Where to Participate
Clinical trials for linvoseltamab are being conducted across a wide geographic area, with 61 sites located in 33 cities across 19 states. This broad reach aims to make participation accessible to a diverse patient population.
Some of the top locations with multiple participating sites include:
- New York, New York (8 sites)
- Seattle, Washington (5 sites)
- Houston, Texas (4 sites)
- Columbus, Ohio (4 sites)
- Detroit, Michigan (4 sites)
- Atlanta, Georgia (3 sites)
- Stony Brook, New York (3 sites)
- Louisville, Kentucky (3 sites)
- Boston, Massachusetts (3 sites)
- Miami, Florida (3 sites)
Eligibility criteria for these studies generally include participants aged 18-50 years, with studies open to all genders. While healthy volunteers are not sought, some studies may include children, depending on the specific trial design and condition being investigated.
Development Timeline
The journey of linvoseltamab in clinical development began on December 3, 2018, with its first trial. Since then, the investigational drug has been explored in a total of 20 clinical trials, aiming to enroll approximately 6,290 participants. Regeneron Pharmaceuticals has been the primary driving force behind its development, sponsoring 14 of these trials.

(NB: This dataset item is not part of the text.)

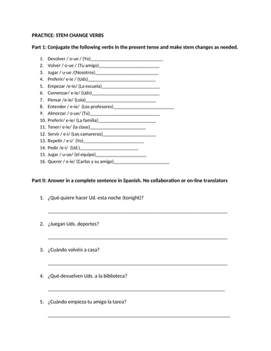 Stem change verbs practice worksheet | Teaching Resources A practice worksheet / quiz on stem change verbs in the present tense. Verbs included: devolver, volver, jugar, preferir, empezar, comenzar, pensar, entender, almorzar, preferir, tener, servir, repetir, pedir, jugar, querer. Part 1: Conjugate the 16 verbs making stem changes as needed. (Stem changes are listed next to each infinitive) Ex ...

Initially, linvoseltamab's research pipeline included conditions such as IBS-C and hyperphosphatemia. However, its development quickly expanded and significantly shifted focus to hematologic malignancies, particularly multiple myeloma. This expansion includes various forms of multiple myeloma, such as Relapsed Refractory Multiple Myeloma (RRMM), newly diagnosed multiple myeloma, and even earlier precancerous conditions like High Risk Smoldering Multiple Myeloma (HR-SMM) and Monoclonal Gammopathy of Undetermined Significance (MGUS).
The drug's progression through clinical phases reflects this broad investigation, with a significant number of studies in early and late-stage development. There have been six Phase 1/2 trials, five Phase 2 trials, and four Phase 3 trials, indicating a robust and advancing research program. The latest trial is projected to conclude by May 27, 2026, highlighting ongoing commitment to understanding linvoseltamab's potential across its diverse indications, which also now include Relapsed/Refractory Systemic Light Chain Amyloidosis and Food Allergy.